Transcribe all records below exactly, without images.
=====
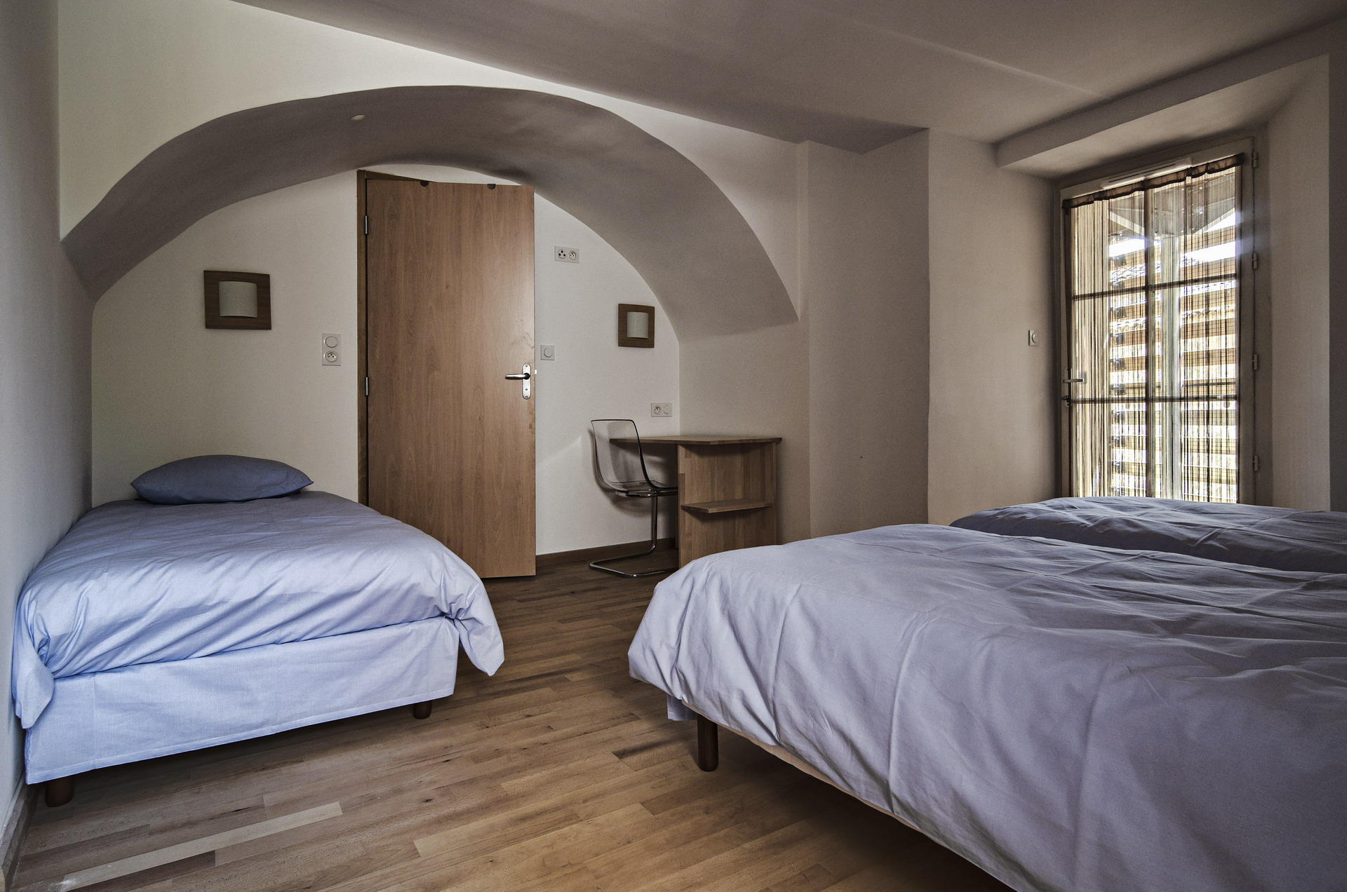 Chaque chambre compte 3 lits largeur 90. L’une dispose d’une salle de bain avec baignoire, l’autre une salle de bain avec douche à l’italienne – chaque salle de bains possède également des toilettes. Les deux chambres ont un téléviseur écran plat avec réception TNT, une connexion Internet par câble.
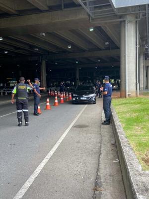 Já são 41 veículos multados e removidos pela GCM por transporte clandestino no terminal de desembarque do aeroporto neste ano, após GCMs flagrarem motoristas que executavam os serviços de transporte sem cadastro ou com carros inadequados, colocando os clientes em risco.
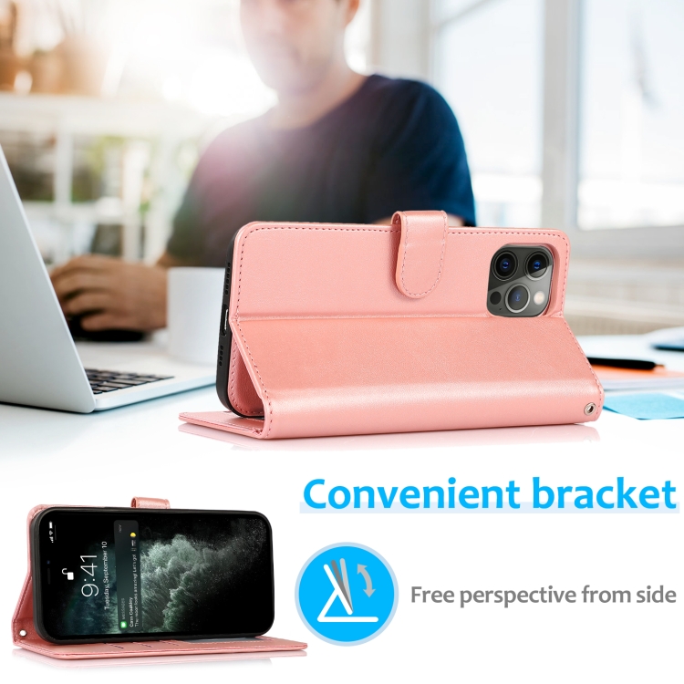 Funda para iPhone 13 Pro Cuero Textura de Becerro 2 en 1 Cubierta Trasera Magnética Desmontable con Tapa Horizontal Soporte Ranuras Tarjetas Billetera Marco Fotos (Oro Rosa)
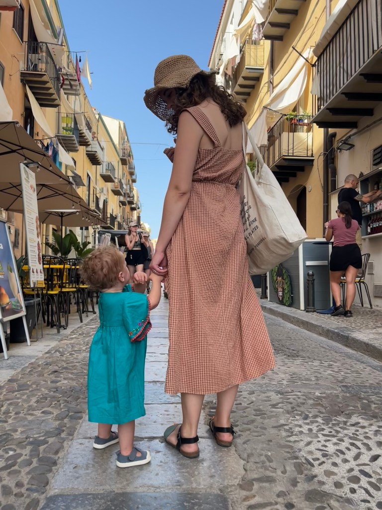 One evening, after Luna has perked up, we go on a walk. She stands between us, holding Daniel’s right and my left hand. We go at her pace, the time it takes for her little legs to cross over each other and her weight to redistribute across them. People are in motion around us, but the town invites us to go slow.
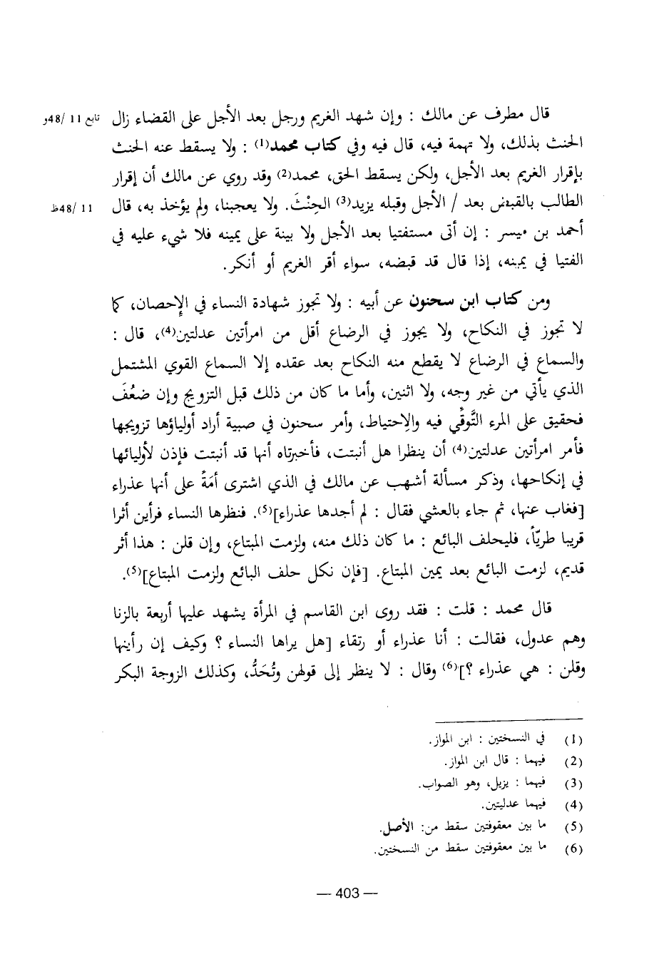 ومن كتاب ابن سحنون عن أبيه: ولا تجوز شهادة النساء في الإحصان، كما لا تجوز في النكاح، ولا يجوز في الرضاع أقل من امرأتين عدلتين، قال: والسماع في الرضاع لا يقطع منه النكاح بعد عقده إلا السماع القوي المشتمل الذي يأتي من غير وجه، ولا اثنين، وأما ما كان من ذلك قبل التزويج وإن ضعف فحقيق على المرء التوفي فيه والاحتياط، وأمر سحنون في صبية أراد أولياؤها تزويجها فأمر امرأتين عدلتين أن ينظرا هل أنبتت، فأخبرتاه أنها قد أنبتت فإذن لأوليائها في إنكاحها، وذكر مسألة أشهب عن مالك في الذي اشترى امة على أنها عذراء [فغاب عنها، ثم جاء بالعشي فقال: لم أجدها عذراء]. فنظرها النساء فرأين أثرا قريبا طرياً. فليحلف البائع: ما كان ذلك منه، ولزمت المبتاع، وإن قلن: هذا أثر قديم، لزمت البائع بعد يمين المبتاع. [فإن نكل حلف البائع ولزمت المبتاع].
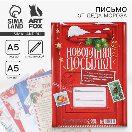Письмо от деда мороза «Новогодняя посылка!». Письмо от деда мороза станет прекрасным подарком на праздник. <ul> <li> Отделка: без отделки;</li> <li> Формат письма: А5;</li> <li> Фасовка: по 1 шт.</li> <li> Индивидуальная упаковка: пленка.</li> </ul> Состав: бумага.
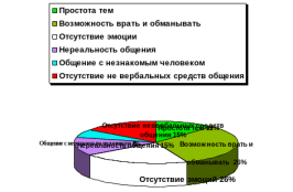 Возможность «врать и обманывать», а так же не реальность общения, простота тем, общение с незнакомым человеком – это показатели не доверия к общению в Интернете. Отсутствие эмоций и невербальных средств общения, - это оценка качества общения. В целом негативные характеристики проранжированны респондентами, характерны для всего общения в Интернете.
=====
## EXERCISE RESULT:
 Chaque chambre compte 3 lits largeur 90. L’une dispose d’une salle de bain avec baignoire, l’autre une salle de bain avec douche à l’italienne – chaque salle de bains possède également des toilettes. Les deux chambres ont un téléviseur écran plat avec réception TNT, une connexion Internet par câble.
 Já são 41 veículos multados e removidos pela GCM por transporte clandestino no terminal de desembarque do aeroporto neste ano, após GCMs flagrarem motoristas que executavam os serviços de transporte sem cadastro ou com carros inadequados, colocando os clientes em risco.
 Funda para iPhone 13 Pro Cuero Textura de Becerro 2 en 1 Cubierta Trasera Magnética Desmontable con Tapa Horizontal Soporte Ranuras Tarjetas Billetera Marco Fotos (Oro Rosa)
 One evening, after Luna has perked up, we go on a walk. She stands between us, holding Daniel’s right and my left hand. We go at her pace, the time it takes for her little legs to cross over each other and her weight to redistribute across them. People are in motion around us, but the town invites us to go slow.
 ومن كتاب ابن سحنون عن أبيه: ولا تجوز شهادة النساء في الإحصان، كما لا تجوز في النكاح، ولا يجوز في الرضاع أقل من امرأتين عدلتين، قال: والسماع في الرضاع لا يقطع منه النكاح بعد عقده إلا السماع القوي المشتمل الذي يأتي من غير وجه، ولا اثنين، وأما ما كان من ذلك قبل التزويج وإن ضعف فحقيق على المرء التوفي فيه والاحتياط، وأمر سحنون في صبية أراد أولياؤها تزويجها فأمر امرأتين عدلتين أن ينظرا هل أنبتت، فأخبرتاه أنها قد أنبتت فإذن لأوليائها في إنكاحها، وذكر مسألة أشهب عن مالك في الذي اشترى امة على أنها عذراء [فغاب عنها، ثم جاء بالعشي فقال: لم أجدها عذراء]. فنظرها النساء فرأين أثرا قريبا طرياً. فليحلف البائع: ما كان ذلك منه، ولزمت المبتاع، وإن قلن: هذا أثر قديم، لزمت البائع بعد يمين المبتاع. [فإن نكل حلف البائع ولزمت المبتاع].
Письмо от деда мороза «Новогодняя посылка!». Письмо от деда мороза станет прекрасным подарком на праздник. <ul> <li> Отделка: без отделки;</li> <li> Формат письма: А5;</li> <li> Фасовка: по 1 шт.</li> <li> Индивидуальная упаковка: пленка.</li> </ul> Состав: бумага.
 Возможность «врать и обманывать», а так же не реальность общения, простота тем, общение с незнакомым человеком – это показатели не доверия к общению в Интернете. Отсутствие эмоций и невербальных средств общения, - это оценка качества общения. В целом негативные характеристики проранжированны респондентами, характерны для всего общения в Интернете.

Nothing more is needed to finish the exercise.